The final line is the original expression's minimal DNF. You can also transform it to it's minimal CNF this way:

a·¬b·¬c  + ¬a·b·¬c + ¬a·¬b·c  +  a·b·c
a·¬b·¬c  +  a·b·c  + ¬a·b·¬c  + ¬a·¬b·c          //just permuting
a·(¬b·¬c + b·c)    + ¬a·(b·¬c + ¬b·c)            //distributivity of · over +

//distributivity of + over ·:
(a + ¬a)·(a + (b·¬c + ¬b·c))·((¬b·¬c + b·c) + ¬a)·(¬b·¬c + b·c + b·¬c + ¬b·c)

//complementation: (a + ¬a) = 1
     (1)·(a + (b·¬c + ¬b·c))·((¬b·¬c + b·c) + ¬a)·((¬b·¬c + b·c) + (b·¬c + ¬b·c))

//identity for ·: 1·x = x
         (a + (b·¬c + ¬b·c))·((¬b·¬c + b·c) + ¬a)·(¬b·¬c + b·c + b·¬c + ¬b·c)
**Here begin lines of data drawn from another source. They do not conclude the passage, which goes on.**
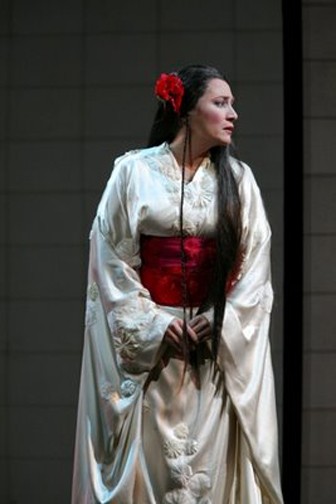 Last fall I found myself seated next to her on at a banquette at Fiorello's restaurant across from the Met. After a brief back and forth about who was going to remove whose big bag, Ms. Racette offered to remove my companion's wallet. The four of us Beth Clayton, her partner, was dining too --had a wide-ranging, informative and often hilarious conversation about "Dr. Atomic," "Don Carlo", James Levine, and Anthony Mingella, the director of "Madama Butterfly" in which Racette gives a stunning performance.
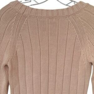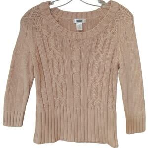 Vintage Old Navy Cable Knit Sweater 100% Cotton 3/4 Sleeves Size Medium Tan
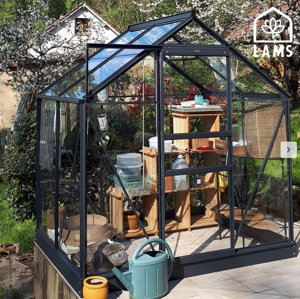 Serre en verre trempé 3 mm Lams ALLIUM – 2,50 m² – avec base – Aluminium laqué anthracite
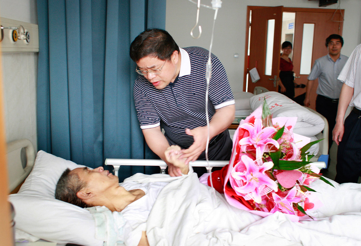 “景老师爱岗敬业,无私奉献,是我们教师中的典范。江科大的老师和同学们都牵挂着您,让我们转达对您的无限祝福……”校长王自力教授伸出双手紧紧地握住景教授的双手,无尽情谊饱含其中。纪委书记夏纪林、副校长许俊华以及各职能部门的负责人也纷纷来到景教授的病床前,与景教授亲切交谈,表达了对这位平凡而伟大的教师的崇高敬意。
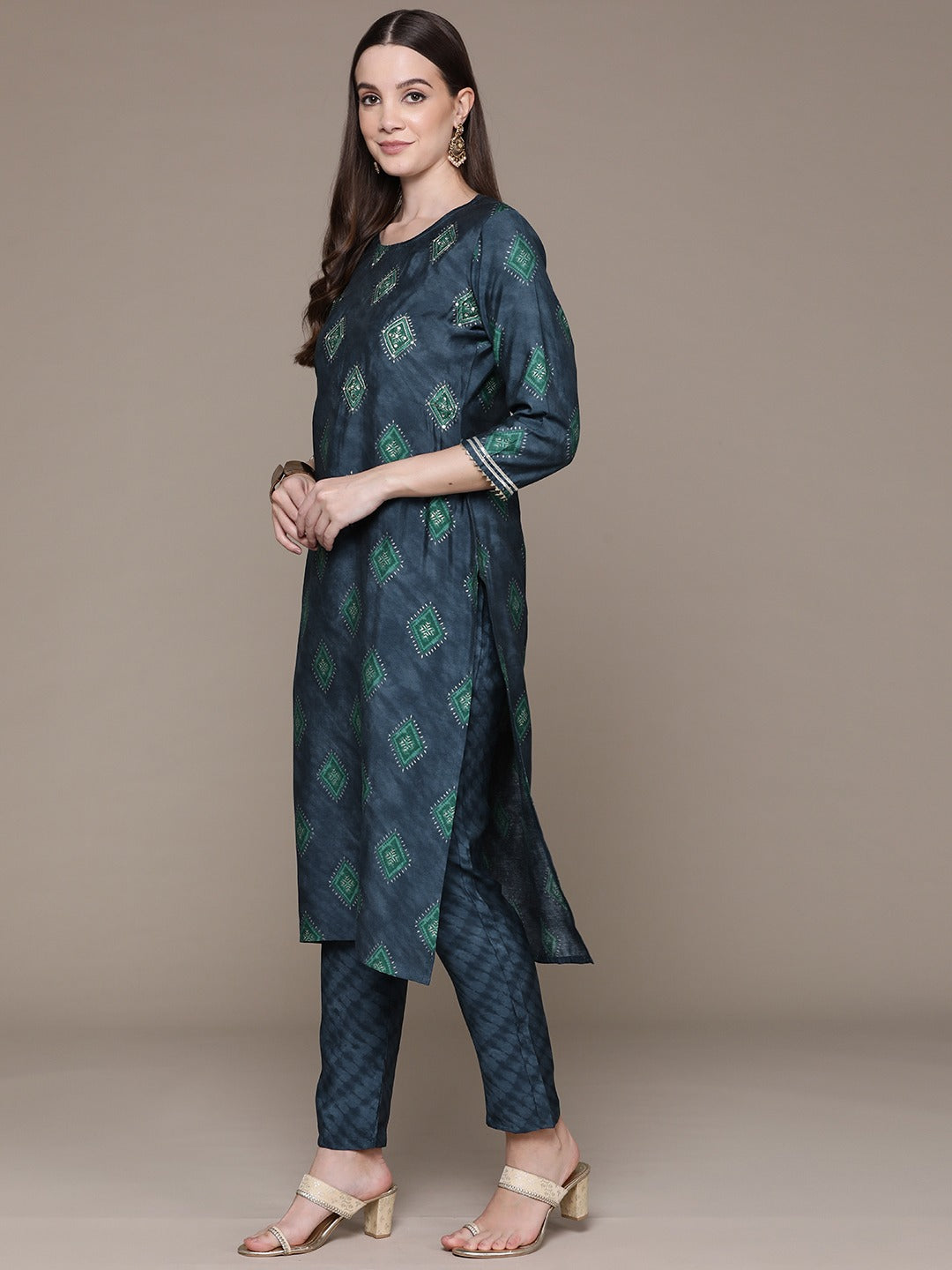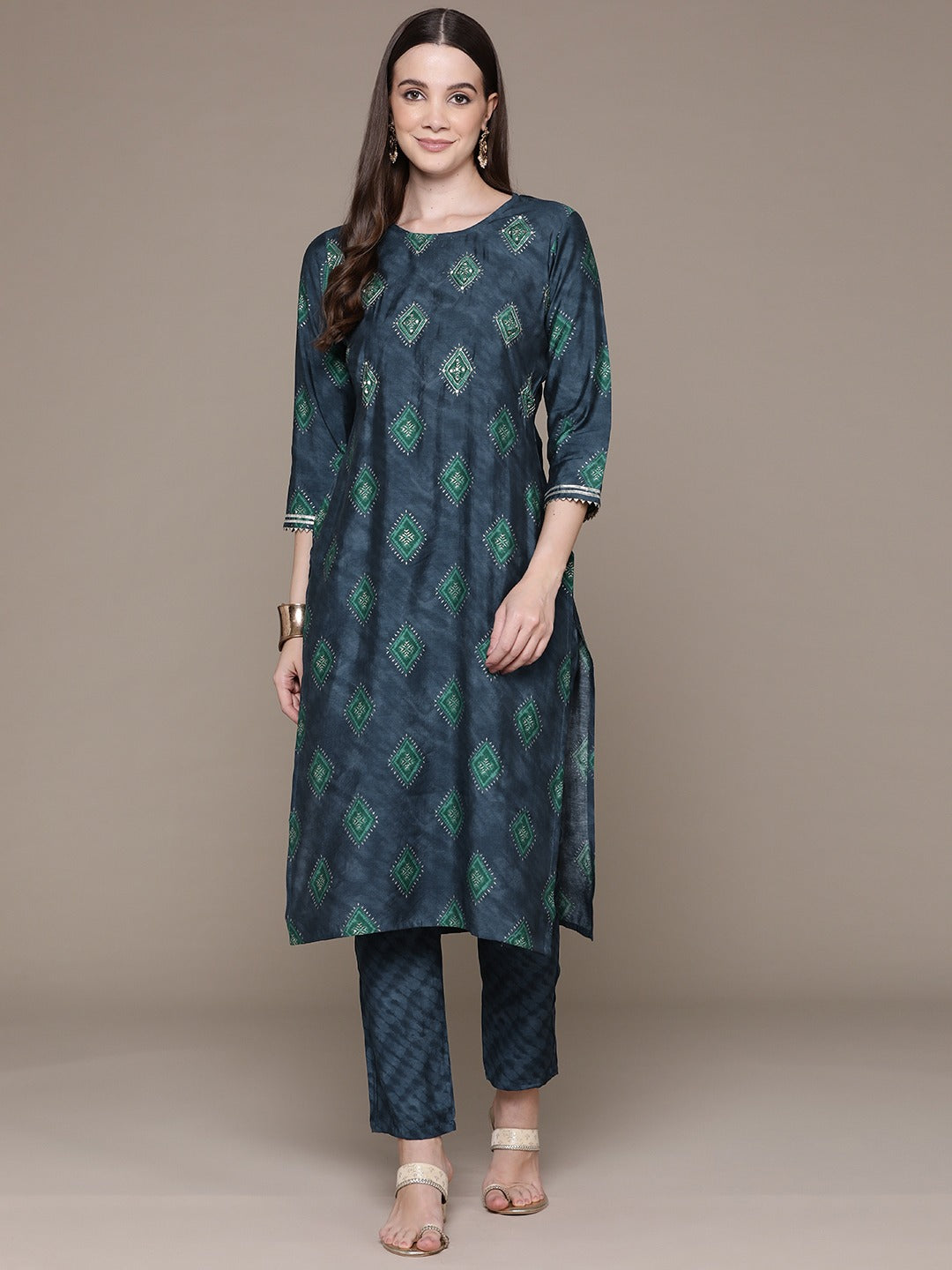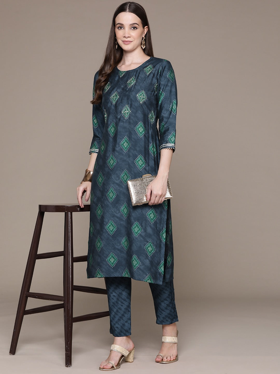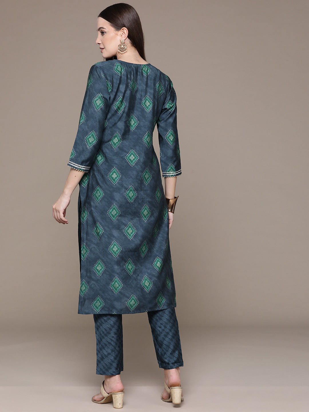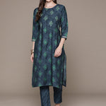 Straight Style Silk Fabric Grey Color Printed & Zari Work Kurti With Palazzo

//(¬b·¬c + b·c + b·¬c + ¬b·c) = 1 i.e. sum of all b, c combinations; to be sure:
(a + (b·¬c + ¬b·c))·((¬b·¬c + b·c) + ¬a)·(¬b·(¬c + c) + b·(¬c + c)) //distribut.
(a + (b·¬c + ¬b·c))·((¬b·¬c + b·c) + ¬a)·(¬b·(1) + b·(1))      //complementation
(a + (b·¬c + ¬b·c))·((¬b·¬c + b·c) + ¬a)·(¬b + b)              //identity for ·
(a + (b·¬c + ¬b·c))·((¬b·¬c + b·c) + ¬a)·(1)                   //complementation

(a + (b·¬c + ¬b·c)                      )·((¬b·¬c + b·c) + ¬a) //identity for ·
(a + (b + ¬b)·(b + c)·(¬c + ¬b)·(¬c + c))·((¬b·¬c + b·c) + ¬a) //distributivity
(a +      (1)·(b + c)·(¬c + ¬b)·(1)     )·((¬b·¬c + b·c) + ¬a) //complementation
(a +          (b + c)·(¬c + ¬b)         )·((¬b·¬c + b·c) + ¬a) //identity for ·
              ((a + b + c)·(a + ¬c + ¬b))·((¬b·¬c + b·c) + ¬a) //distributivity
//distribut.: ((a + b + c)·(a + ¬c + ¬b))·((¬b+b)·(¬b + c)·(¬c + b)·(¬c+c) + ¬a)
//complem.:   ((a + b + c)·(a + ¬c + ¬b))·(   (1)·(¬b + c)·(¬c + b)·(1)    + ¬a)
//identity:   ((a + b + c)·(a + ¬c + ¬b))·(       (¬b + c)·(¬c + b)        + ¬a)
//distribut.: ((a + b + c)·(a + ¬c + ¬b))·((¬b + c + ¬a)·(¬c + b + ¬a))

                (a + b + c)·(a + ¬b + ¬c)·(¬a + ¬b + c)·(¬a + b + ¬c)

Your function can be simplified to either one of these expressions:

g = a·¬b·¬c + ¬a·b·¬c + ¬a·¬b·c + a·b·c //minimal DNF
g = (a + b + c)·(a + ¬b + ¬c)·(¬a + ¬b + c)·(¬a + b + ¬c) //minimal CNF

Answer 2

Using De Morgan's laws, you can simplify it further to CNF or DNF.